CloudFile download memory error on large files
Problem:
I'm trying using pyrax to download a 250 MB file from Rackspace Cloud Files and I'm encountering a memory error as shown below:
Traceback (most recent call last):
File "test.py", line 11, in <module>
container.download_object('mycode.tar.gz',dest)
File "/usr/lib/python2.6/site-packages/pyrax/object_storage.py", line 542, in download_object structure=structure)
File "/usr/lib/python2.6/site-packages/pyrax/object_storage.py", line 534, in download
return self.object_manager.download(obj, directory, structure=structure)

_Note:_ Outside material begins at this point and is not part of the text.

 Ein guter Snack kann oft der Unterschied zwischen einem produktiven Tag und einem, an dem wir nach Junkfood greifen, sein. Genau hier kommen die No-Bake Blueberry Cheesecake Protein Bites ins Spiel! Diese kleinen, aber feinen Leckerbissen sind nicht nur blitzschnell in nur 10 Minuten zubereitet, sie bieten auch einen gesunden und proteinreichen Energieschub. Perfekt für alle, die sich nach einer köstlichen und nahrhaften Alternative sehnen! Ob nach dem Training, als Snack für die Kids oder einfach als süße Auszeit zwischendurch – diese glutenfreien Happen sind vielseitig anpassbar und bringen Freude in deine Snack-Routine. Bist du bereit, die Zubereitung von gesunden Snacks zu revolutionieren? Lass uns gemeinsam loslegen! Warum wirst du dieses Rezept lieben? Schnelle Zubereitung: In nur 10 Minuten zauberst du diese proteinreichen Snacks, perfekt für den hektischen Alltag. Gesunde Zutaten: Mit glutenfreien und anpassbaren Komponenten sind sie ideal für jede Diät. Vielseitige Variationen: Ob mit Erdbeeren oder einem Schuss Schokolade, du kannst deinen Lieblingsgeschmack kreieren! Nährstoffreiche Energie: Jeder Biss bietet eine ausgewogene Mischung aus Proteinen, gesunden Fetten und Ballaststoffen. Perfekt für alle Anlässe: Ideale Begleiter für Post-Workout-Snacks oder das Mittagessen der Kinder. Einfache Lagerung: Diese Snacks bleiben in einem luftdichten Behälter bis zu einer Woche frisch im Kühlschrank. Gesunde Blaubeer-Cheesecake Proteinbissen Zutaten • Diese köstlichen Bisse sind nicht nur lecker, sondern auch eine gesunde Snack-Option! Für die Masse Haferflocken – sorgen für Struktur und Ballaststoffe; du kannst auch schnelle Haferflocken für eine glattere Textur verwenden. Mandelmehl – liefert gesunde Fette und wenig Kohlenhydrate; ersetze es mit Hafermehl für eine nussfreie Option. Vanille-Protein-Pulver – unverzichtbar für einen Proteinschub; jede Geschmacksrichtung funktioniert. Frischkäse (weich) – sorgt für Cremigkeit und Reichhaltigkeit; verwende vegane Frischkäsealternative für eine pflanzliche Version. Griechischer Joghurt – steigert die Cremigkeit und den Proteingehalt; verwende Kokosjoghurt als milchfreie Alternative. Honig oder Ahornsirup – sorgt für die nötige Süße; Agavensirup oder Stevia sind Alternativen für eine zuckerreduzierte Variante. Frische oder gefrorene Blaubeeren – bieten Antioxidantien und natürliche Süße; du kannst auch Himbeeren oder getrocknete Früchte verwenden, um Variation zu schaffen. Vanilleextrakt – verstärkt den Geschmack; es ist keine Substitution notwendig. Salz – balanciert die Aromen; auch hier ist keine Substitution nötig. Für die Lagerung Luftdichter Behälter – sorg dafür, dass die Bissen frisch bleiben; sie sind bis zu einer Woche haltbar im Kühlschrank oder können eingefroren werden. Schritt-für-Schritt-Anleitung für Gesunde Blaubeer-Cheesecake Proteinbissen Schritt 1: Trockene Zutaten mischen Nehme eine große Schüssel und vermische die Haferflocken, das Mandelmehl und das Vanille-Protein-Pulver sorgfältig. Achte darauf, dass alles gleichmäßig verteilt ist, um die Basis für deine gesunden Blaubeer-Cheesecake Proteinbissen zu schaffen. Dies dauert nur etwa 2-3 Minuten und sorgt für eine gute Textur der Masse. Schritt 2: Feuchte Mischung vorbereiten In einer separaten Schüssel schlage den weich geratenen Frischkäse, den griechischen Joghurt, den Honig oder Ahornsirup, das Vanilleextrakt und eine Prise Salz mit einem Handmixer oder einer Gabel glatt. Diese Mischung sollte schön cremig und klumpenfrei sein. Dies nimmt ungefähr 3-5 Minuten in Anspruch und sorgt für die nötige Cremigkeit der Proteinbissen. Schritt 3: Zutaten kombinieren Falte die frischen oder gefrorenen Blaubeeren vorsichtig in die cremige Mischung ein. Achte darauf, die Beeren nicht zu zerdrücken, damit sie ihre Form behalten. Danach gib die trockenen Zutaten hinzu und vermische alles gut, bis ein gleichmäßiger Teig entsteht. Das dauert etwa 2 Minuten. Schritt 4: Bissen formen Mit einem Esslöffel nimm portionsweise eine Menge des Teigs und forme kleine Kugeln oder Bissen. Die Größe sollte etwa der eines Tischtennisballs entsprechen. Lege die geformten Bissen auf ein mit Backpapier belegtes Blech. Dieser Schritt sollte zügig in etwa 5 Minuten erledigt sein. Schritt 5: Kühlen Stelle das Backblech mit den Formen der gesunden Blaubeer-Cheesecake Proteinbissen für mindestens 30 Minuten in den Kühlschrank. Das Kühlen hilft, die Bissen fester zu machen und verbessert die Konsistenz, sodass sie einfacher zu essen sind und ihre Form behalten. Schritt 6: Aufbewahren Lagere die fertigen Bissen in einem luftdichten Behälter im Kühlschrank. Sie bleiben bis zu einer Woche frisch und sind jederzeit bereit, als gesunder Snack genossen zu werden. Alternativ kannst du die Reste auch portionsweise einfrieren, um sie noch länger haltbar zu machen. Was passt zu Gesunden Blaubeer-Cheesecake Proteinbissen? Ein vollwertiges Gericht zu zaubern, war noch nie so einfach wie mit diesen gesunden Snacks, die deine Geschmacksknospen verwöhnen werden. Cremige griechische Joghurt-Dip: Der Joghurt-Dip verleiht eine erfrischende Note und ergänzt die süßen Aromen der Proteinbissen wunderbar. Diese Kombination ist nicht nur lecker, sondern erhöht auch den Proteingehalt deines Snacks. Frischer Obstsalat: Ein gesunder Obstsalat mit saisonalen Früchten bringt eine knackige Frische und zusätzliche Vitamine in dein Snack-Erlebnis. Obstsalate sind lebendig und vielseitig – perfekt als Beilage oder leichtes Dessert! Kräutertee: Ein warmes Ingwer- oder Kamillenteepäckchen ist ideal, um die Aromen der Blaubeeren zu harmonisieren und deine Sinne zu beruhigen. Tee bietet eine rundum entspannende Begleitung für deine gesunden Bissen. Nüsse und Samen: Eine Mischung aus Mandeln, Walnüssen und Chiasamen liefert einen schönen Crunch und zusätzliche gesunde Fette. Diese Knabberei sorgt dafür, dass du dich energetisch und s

File "/usr/lib/python2.6/site-packages/pyrax/object_storage.py", line 138, in wrapped
return fnc(self, obj, *args, **kwargs)
File "/usr/lib/python2.6/site-packages/pyrax/object_storage.py", line 2064, in download
content = self.fetch(obj)
File "/usr/lib/python2.6/site-packages/pyrax/object_storage.py", line 138, in wrapped
return fnc(self, obj, *args, **kwargs)
File "/usr/lib/python2.6/site-packages/pyrax/object_storage.py", line 1971, in fetch
resp, resp_body = self.api.method_get(uri, headers=headers)
File "/usr/lib/python2.6/site-packages/pyrax/client.py", line 251, in method_get
return self._api_request(uri, "GET", **kwargs)
File "/usr/lib/python2.6/site-packages/pyrax/client.py", line 232, in _api_request
resp, body = self._time_request(safe_uri, method, **kwargs)
File "/usr/lib/python2.6/site-packages/pyrax/client.py", line 194, in _time_request
resp, body = self.request(uri, method, **kwargs)
File "/usr/lib/python2.6/site-packages/pyrax/client.py", line 185, in request
resp, body = pyrax.http.request(method, uri, *args, **kwargs)
File "/usr/lib/python2.6/site-packages/pyrax/http.py", line 66, in request
body = resp.json()
File "/usr/lib/python2.6/site-packages/requests/models.py", line 763, in json
return json.loads(self.text, **kwargs)
File "/usr/lib/python2.6/site-packages/requests/models.py", line 726, in text
encoding = self.apparent_encoding
File "/usr/lib/python2.6/site-packages/requests/models.py", line 611, in apparent_encoding
return chardet.detect(self.content)['encoding']
File "/usr/lib/python2.6/site-packages/requests/packages/chardet/__init__.py", line 30, in detect
u.feed(aBuf)
File "/usr/lib/python2.6/site-packages/requests/packages/chardet/universaldetector.py", line 128, in feed
if prober.feed(aBuf) == constants.eFoundIt:
File "/usr/lib/python2.6/site-packages/requests/packages/chardet/charsetgroupprober.py", line 64, in feed
st = prober.feed(aBuf)
File "/usr/lib/python2.6/site-packages/requests/packages/chardet/sjisprober.py", line 54, in feed
for i in range(0, aLen):
MemoryError
Specifications:
I'm running pyrax from a Vagrant box running Centos 6.5
The VM has 589MB of RAM
Can verify the issue:
Downloading file from rackspace...
Traceback (most recent call last):
File "(omitted)", line 425, in
This does not happen on small files (memory fitting).
download_object seems to write the received files exclusively into memory before writing them ti disk. Cloudfiles is useless to me if I need to store downloaded file in main memory for download. It should write them in chunks to disk.
Using Python 2.7 and pyrax (1.9.2).
@benkantor @jynus It may be a little late for this suggestion but I ran into a similar memory issues when directly calling python request.get() to download files from AWS S3. The solution was to allocate swap space to the instance.
Object's return a fetch method you can use to avoid this situation, e.g.
obj = container_primary.get_object(version.location['object'])
with open(path, 'wb') as fp:
fetcher = obj.fetch(chunk_size=262144000) # 256mb chunks
while True:
try:
chunk = next(fetcher)
except StopIteration:
break
fp.write(chunk)